Citation needed. I'm pretty sure all Chromebooks have a TPM and it's a firm requirement for making one. ChromeOS uses the TPM extensively and fully supports remote attestation:
https://www.chromium.org/developers/design-documents/tpm-usa...
TPMs have been a requirement on PCs since at least 2016 I think, and in reality most came with them before that too (but there's a v1 vs v2 difference).
> a 1.X version of the TPM. In theory it performs just as well as TPM 2.X but they will not be supported because, again, I will not be able to use my own keys.
This is all wrong. TPM 1.2 uses SHA1 for everything which is a broken hash function so there is a major difference in robustness between them. That's why TPM 1.2 is being phased out. It has nothing to do with "using your own keys" which is out of the domain of what TPMs do anyway, TPMs are always owned by the device user. You're thinking of firmware boot signing and other things that are separate to the TPM chip but even there, you can use your own signing keys.

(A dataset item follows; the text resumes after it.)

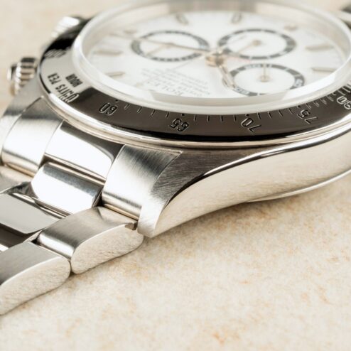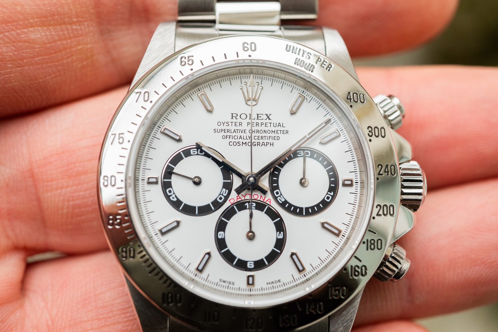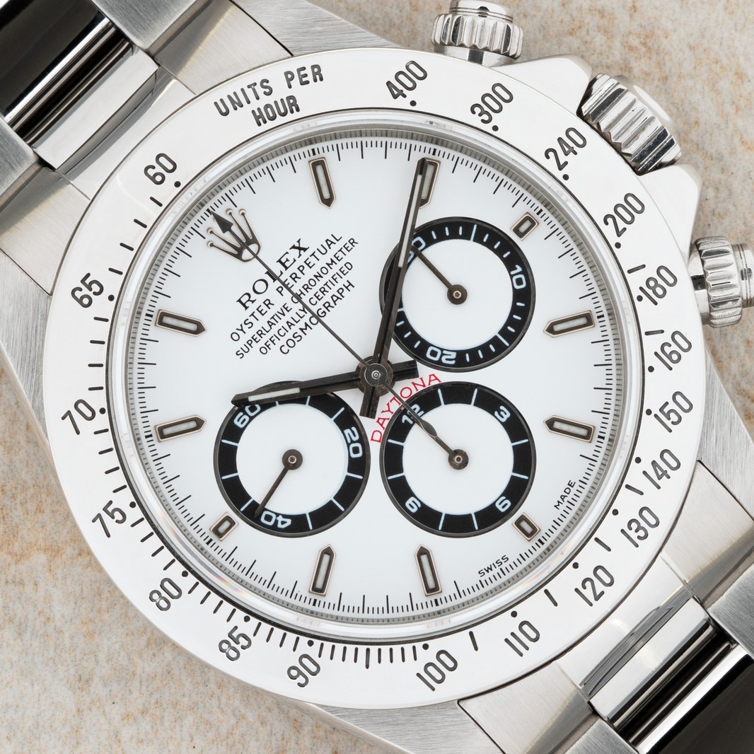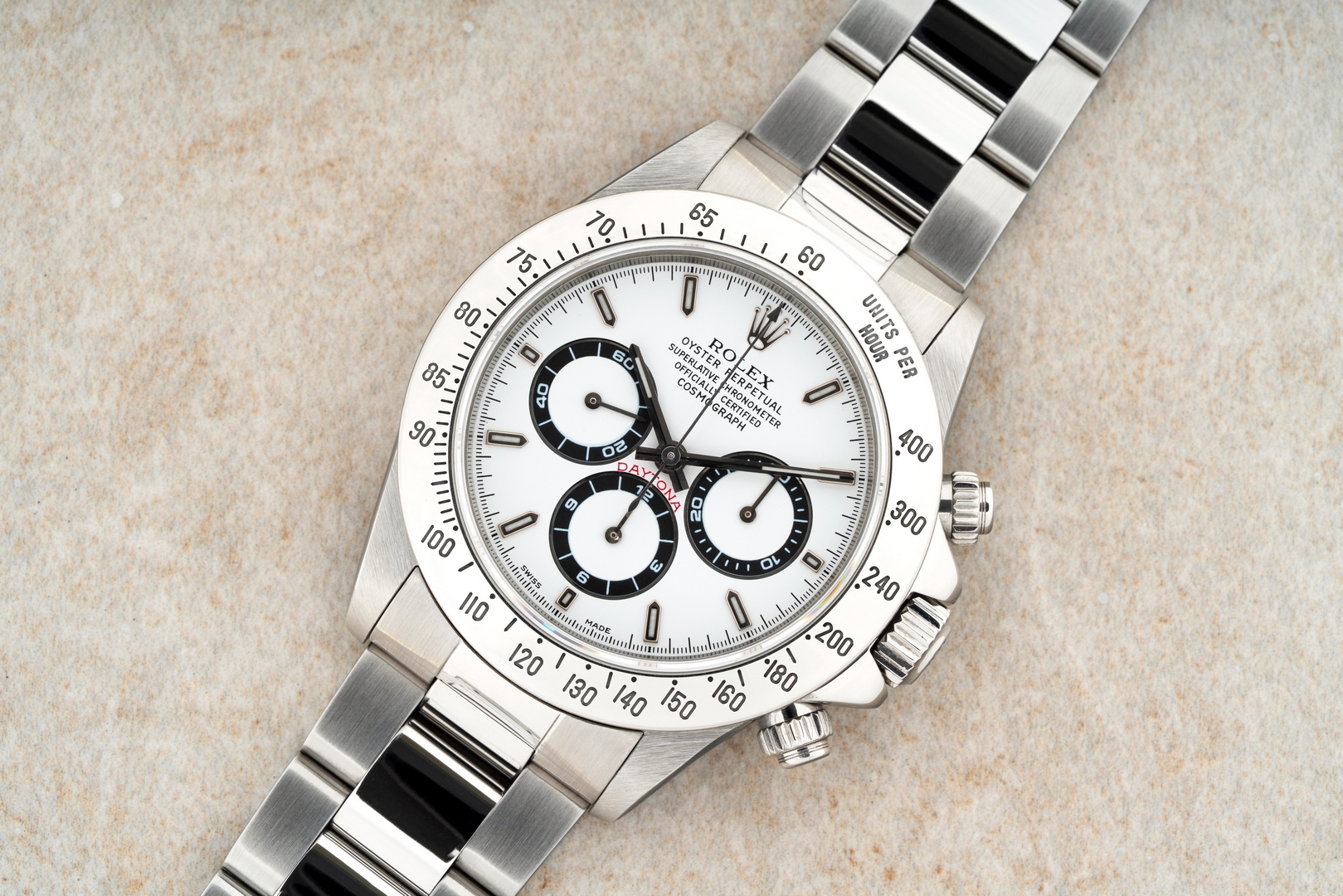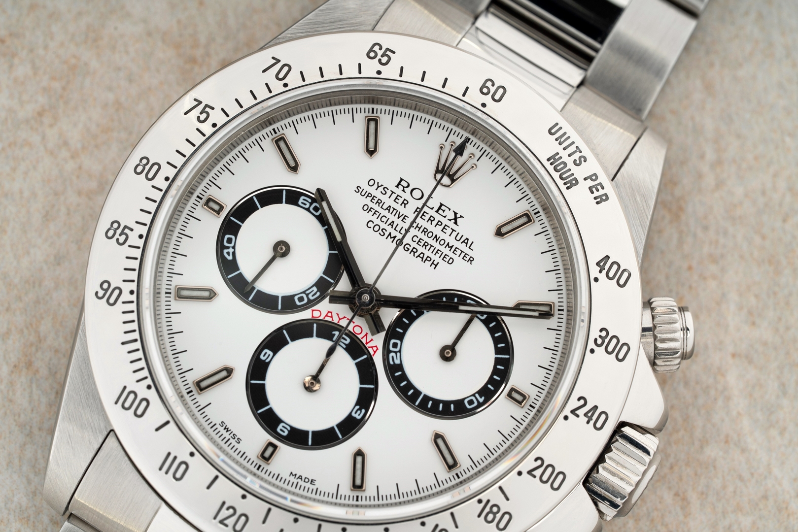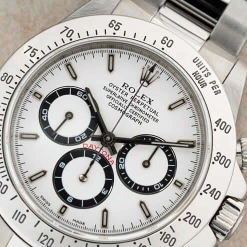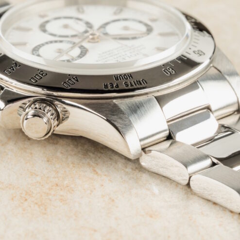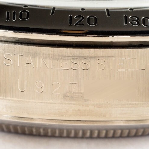 Das weiße Daytona Zifferblatt ist im perfekten Zustand ohne Schwächen. Es handelt sich hier bereits um die seltene und gesuchte Swiss Made Variante mit Superluminova Leuchtmasse. Diese Blattvariante wurde ab der späten U Serie verbaut und passt somit perfekt zur Seriennummer.

This choice will still render a ton of devices basically e-waste for no real good reason
> No reason
Using broken encryption is quite a decent reason.
It is considered broken because there is a faster way than simple brute force to create a collision. The currently know approach is still computationally expensive.
It is correct to call it broken, but I don't see the implications for TMP at all. TPM is shitty tech in the first place in my opinion, but aside from that there is little practical relevance.